Study material>
□ □ □ □ □
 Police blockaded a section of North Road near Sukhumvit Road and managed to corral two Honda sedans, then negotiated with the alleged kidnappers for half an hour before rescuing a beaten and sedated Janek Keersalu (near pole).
□ □ □ □ □
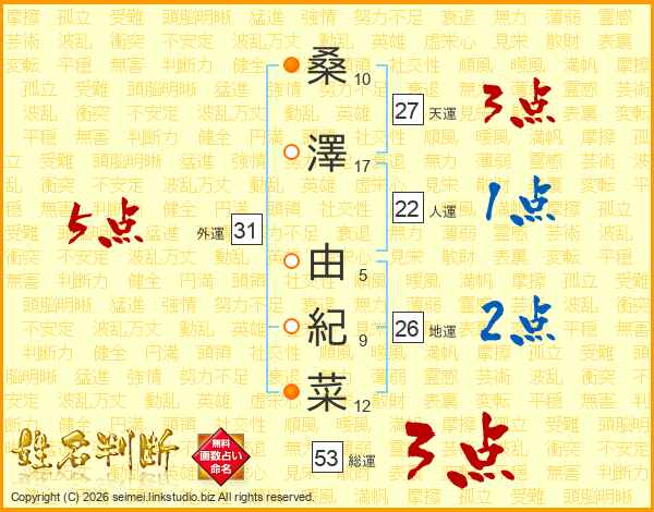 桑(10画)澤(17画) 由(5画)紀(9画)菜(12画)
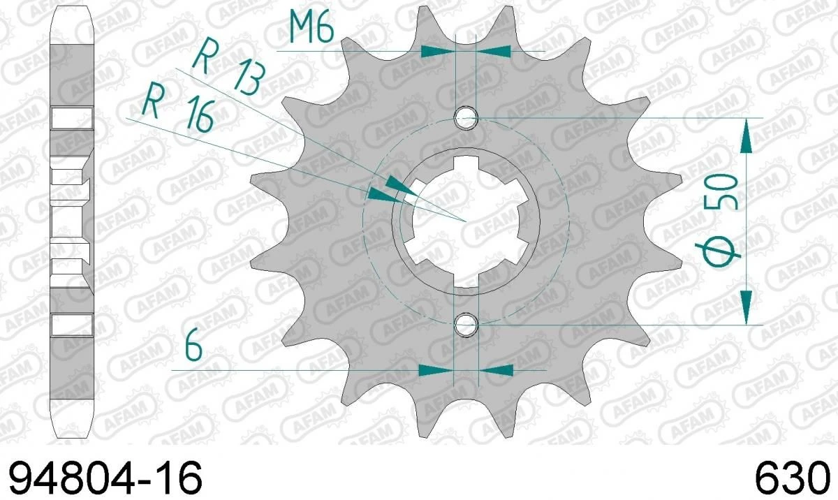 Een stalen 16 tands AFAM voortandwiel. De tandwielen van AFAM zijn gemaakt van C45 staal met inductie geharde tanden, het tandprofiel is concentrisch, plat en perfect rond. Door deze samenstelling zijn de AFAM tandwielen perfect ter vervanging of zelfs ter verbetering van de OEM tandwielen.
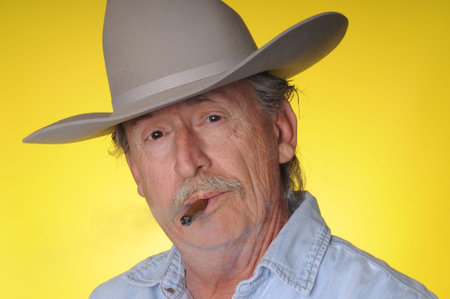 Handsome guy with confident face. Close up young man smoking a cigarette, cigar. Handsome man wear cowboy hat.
□ □ □ □ □
Problem description>
Range to copy from the listing above: the line with "桑(10画)澤(17画) 由(5画)紀(9画)菜(12画)" through the line with "Handsome guy with". Transcribe it exactly and skip the pictures.

Reply to the exercise>
 桑(10画)澤(17画) 由(5画)紀(9画)菜(12画)
 Een stalen 16 tands AFAM voortandwiel. De tandwielen van AFAM zijn gemaakt van C45 staal met inductie geharde tanden, het tandprofiel is concentrisch, plat en perfect rond. Door deze samenstelling zijn de AFAM tandwielen perfect ter vervanging of zelfs ter verbetering van de OEM tandwielen.
 Handsome guy with confident face. Close up young man smoking a cigarette, cigar. Handsome man wear cowboy hat.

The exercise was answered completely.